As lesões na coluna são categorizadas por meio da escala ASIA, onde A significa lesão completa e B, C, D e E são lesões parciais, incompletas. O nível da lesão está relacionado ao segmento da coluna onde houve o traumatismo, sendo a região cervical mais grave, acometendo mais grupos musculares.

Pacientes com lesão medular devem ser acompanhados clinicamente de forma contínua, pois esse tipo não impacta somente os músculos e funcionalidades, mas também órgãos como a bexiga.

Por causa da complexidade, variabilidade das lesões, impacto funcional e emocional de cada indivíduo, não é possível determinar o tempo mínimo para a reabilitação.

"Na instituição, trabalhamos considerando as demandas individuais, objetivos e prognóstico a médio prazo, pode levar em média 6 a 12 meses, a depender da resposta de cada indivíduo aos estímulos", diz Carolina Alonso, fisioterapeuta de adultos da AACD.

Para o indivíduo voltar a ter autonomia, leva-se em consideração contextos individuais como habilidades, interesses, aspecto socioeconômico e ambiental.

"No caso de pessoas com lesão medular, essas atividades são fragmentadas e passam por um processo de adaptação e treinamento, visando a maior autonomia possível. Podendo necessitar de órteses, equipamentos e adaptações instrumentais para que sejam viáveis e seguras em uma nova realidade", afirma a especialista.

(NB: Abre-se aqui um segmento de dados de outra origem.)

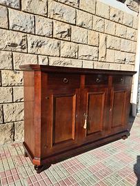Madia in legno, Credenza con 3 ante e 3 cassetti in arte povera. Il mobile non è troppo grande e puo essere collocato in qualsiasi punto della casa dal soggiorno all'ingresso alla cucina. Elegante madia in stile classico, chiave presente e serrature funzionanti. Buffet di una bella tonalità di legno di colore noce scuro si abbina perfettamente a tutti gli stili, dal classico al moderno. Credenza di forma lineare in ottime condizioni perché completamente restaurata. La credenza è molto spaziosa, con 1 ripiano grande per riporre qualsiasi oggetto. Maniglie ad anello in metallo e piedi a cipolla.
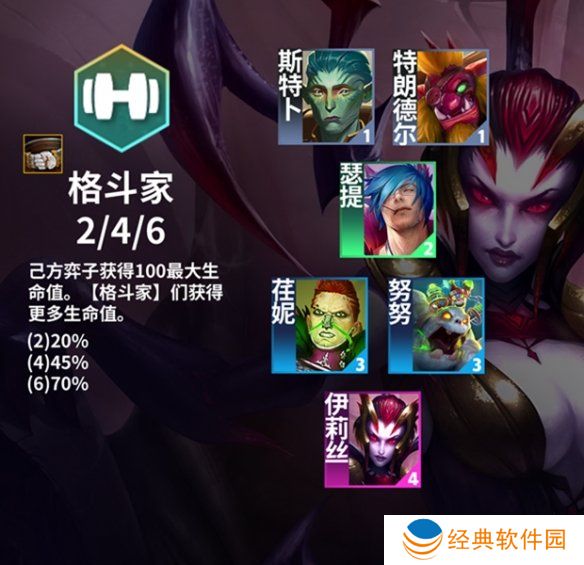 己方弈子获得100最大生命值。【格斗家】们获得更多生命值。
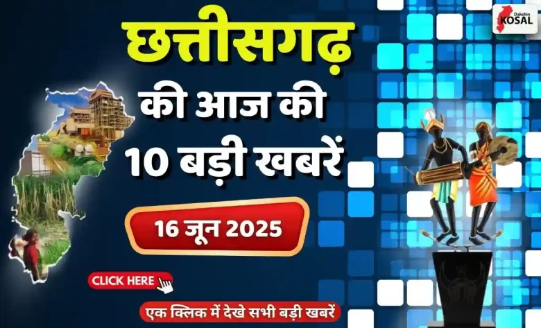 CG Top 10 news Today: छत्तीसगढ़ की सभी बड़ी और छोटी खबरें रोजाना हमारी नजर में रहती हैं। दक्षिण कोसल के विशेष सेगमेंट ‘CG की 10 बड़ी खबरें’ में हम आपको समाचार जगत की हर गतिविधि का अपडेट सरल और सहज भाषा में प्रदान करेंगे। तो आइए, पत्रकारिता की इस दुनिया में बने रहें और छत्तीसगढ़ की हर ताजातरीन खबर से अपनी जानकारी को और विस्तृत करें।
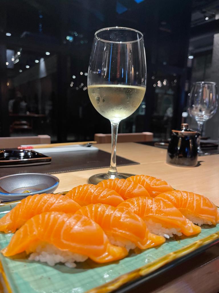 8 Nigiris skin de salmón y palta finalizada en salsa teriyaki.
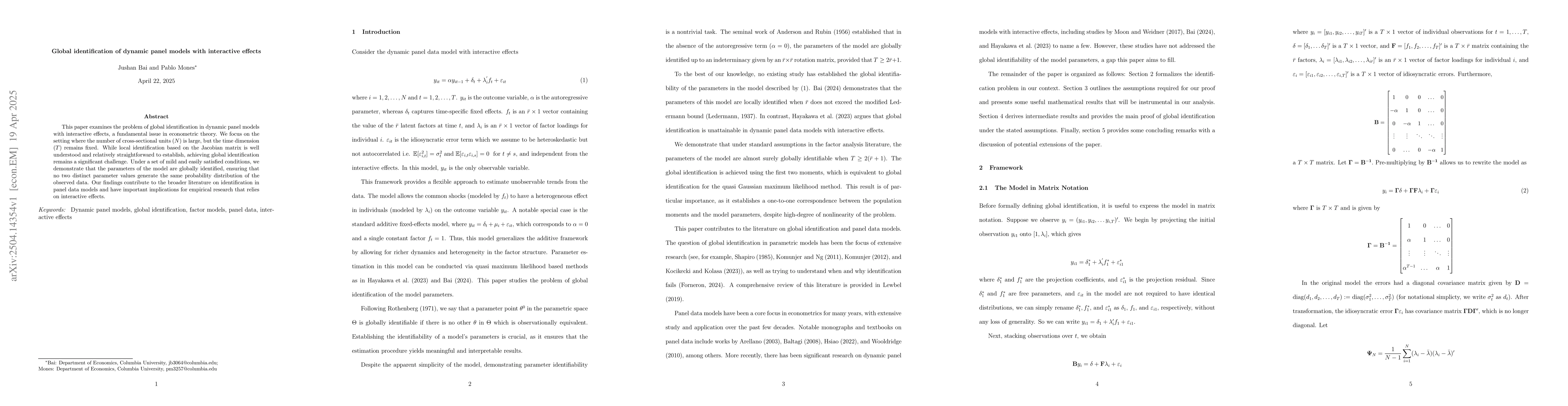 The paper demonstrates global identification of dynamic panel models with interactive effects, extending previous work by showing that under certain conditions, a one-to-one correspondence exists between population moments and model parameters.
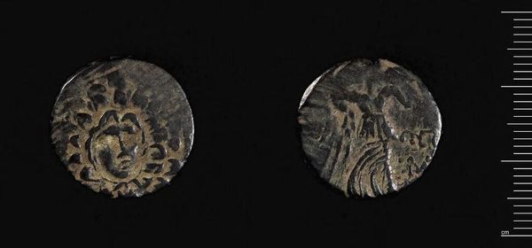 Editor: Here we have a silver coin of Mithradates VI, from Amisos in Pontos. It’s small, quite worn, and yet, there's something regal about it. What do you see in this tiny window into the past? Curator: Oh, this coin whispers stories, doesn’t it? Look at the deliberate placement of imagery, and it feels more like a carefully curated portrait than mere currency. The Gorgon’s head, a symbol of protection, juxtaposed with the eagle, representing power. What a clever way to scream, "I’m here, I’m in charge, and I’m not to be messed with!" It’s almost humorous, isn’t it, this miniature declaration of dominance? Editor: It really does feel like a personal statement, shrunk down and distributed. Curator: Exactly! Power in your pocket, quite literally. I find it refreshing when art can make you chuckle while simultaneously imparting a bit of historical insight.
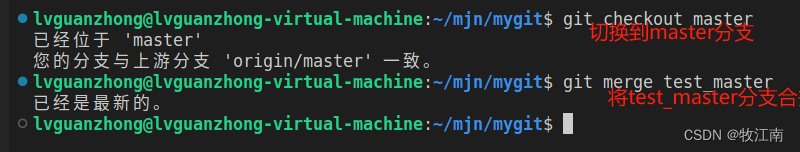 git merge 命令可以将任意分支合并到到当前分支中去,如我当前在master分支下,执行git merge test_master命令就可以将test_master分支的修改内容合并到master分支下了。

Campanha "Sem Atendimento, Sem Oportunidade"

A AACD lançou em maio uma campanha chamada "Sem Atendimento, Sem oportunidade", que tem o objetivo de alertar a sociedade para impactos sociais causados às pessoas com deficiência que não possuem acesso a um processo de reabilitação completa.

Segundo a entidade, os efeitos negativos são inúmeros, e vão além da mobilidade, envolvendo baixa escolaridade, desemprego e isolamento social.